Data segment —
----
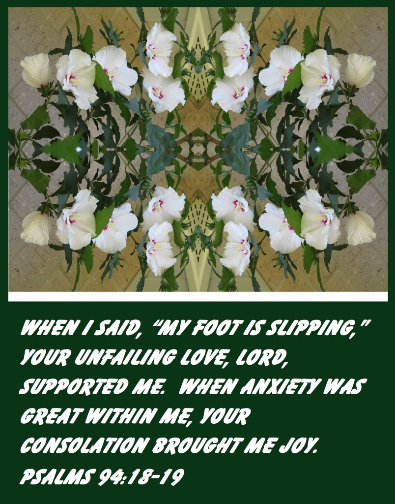 When I said, “My foot is slipping,” your unfailing love, LORD, supported me. When anxiety was great within me, your consolation brought me joy.
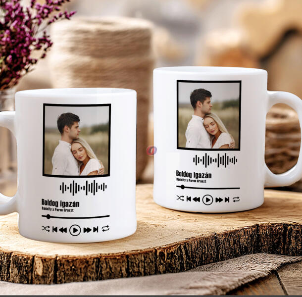 Deconline Crafts Egyedi Ajándék bögre kedvenc dal - személyre szabható fényképpel és dallal 300 ml fehér (DO133031-CERAMIC-MUG)
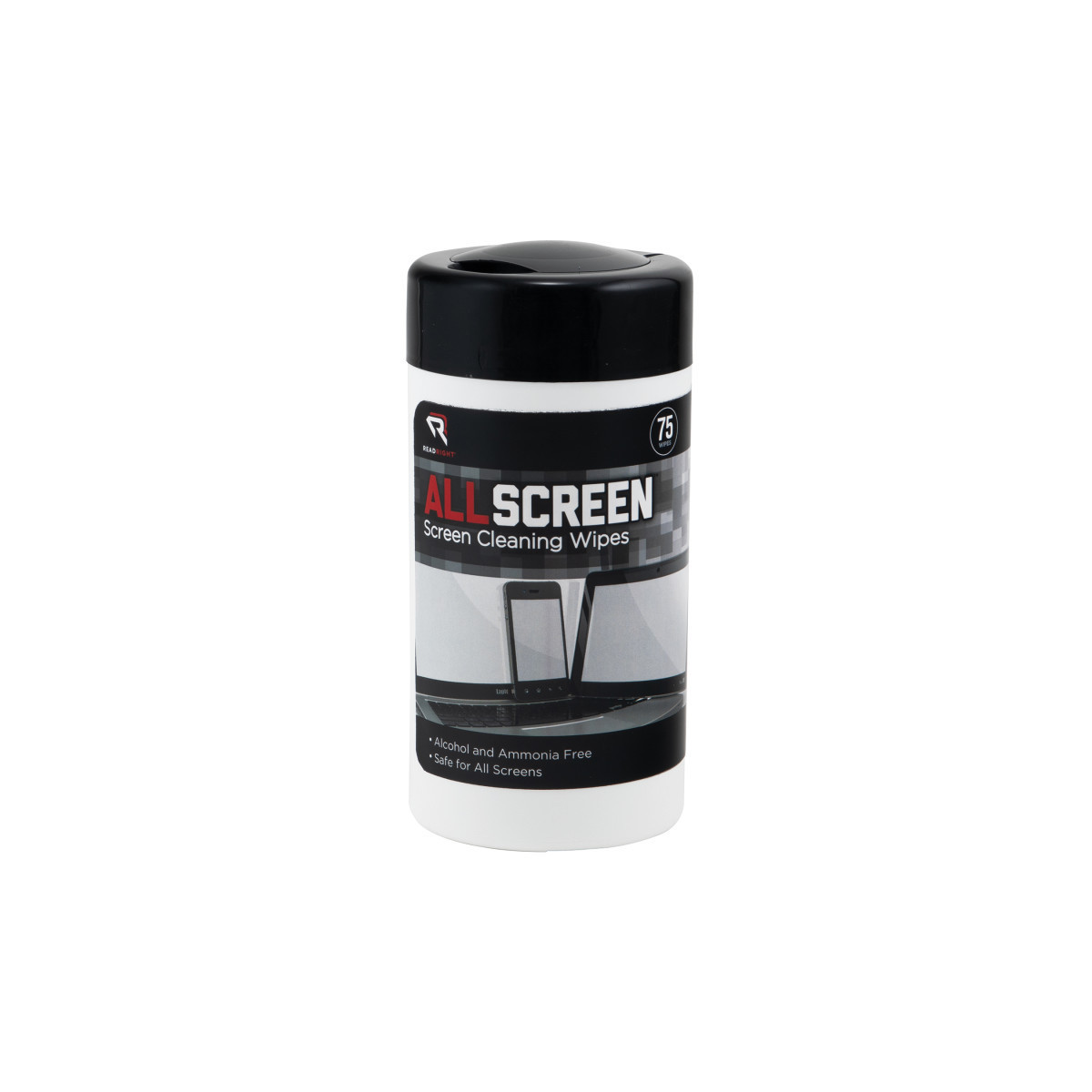 The ReadRight AllScreen Cleaning Wipes are the perfect way to clean and polish screens of all types, including anti-glare. Made from soft, non-abrasive cloth and pre-saturated with a special solution that evaporates quickly, these wipes are ideal for monitors, televisions, smartphones, LCDs, and other flat panel displays - no scratching, no dry time, no residue, and no streaks. These quick-fix wipes are perfect for removing dirt, smudges, and fingerprints from high-use equipment, such as touchscreens in retail stores and hospitals, as well as display screens on phones or tablets in doctors' offices. Pop-up tub dispenser keeps pads fresh for convenient carrying or storage. Each tub includes 75 cleaning wipes.
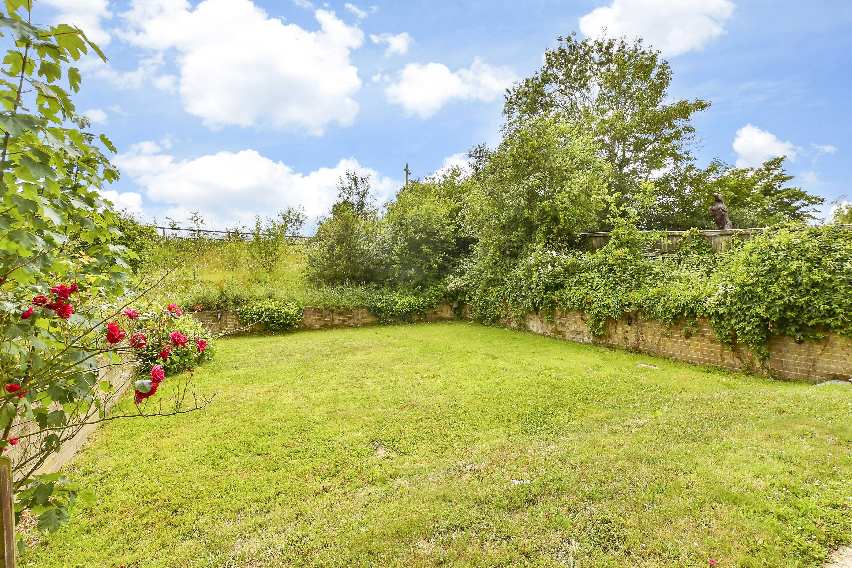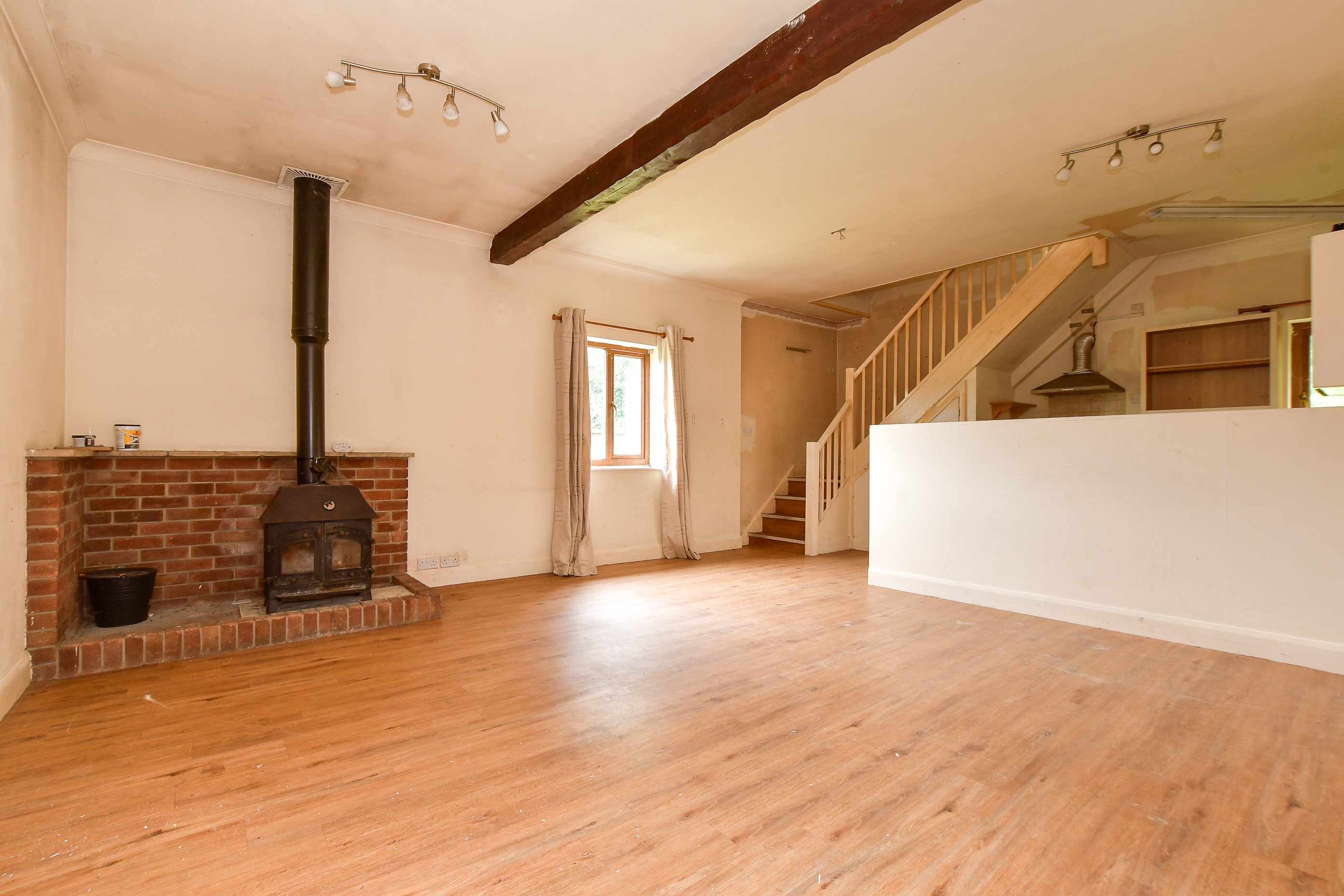 At the heart of the home is a delightful dual-aspect sitting room with a wood-burning stove, creating a cosy ambiance while also providing central heating to the home via a radiator system. French doors open onto an enclosed rear garden, perfect for private outdoor relaxation or entertaining guests.
----
Only an exact copy is wanted: the lines from the opening of the material through the line that has "Deconline Crafts Egyedi", minus any pictures.

Task answer —
 When I said, “My foot is slipping,” your unfailing love, LORD, supported me. When anxiety was great within me, your consolation brought me joy.
 Deconline Crafts Egyedi Ajándék bögre kedvenc dal - személyre szabható fényképpel és dallal 300 ml fehér (DO133031-CERAMIC-MUG)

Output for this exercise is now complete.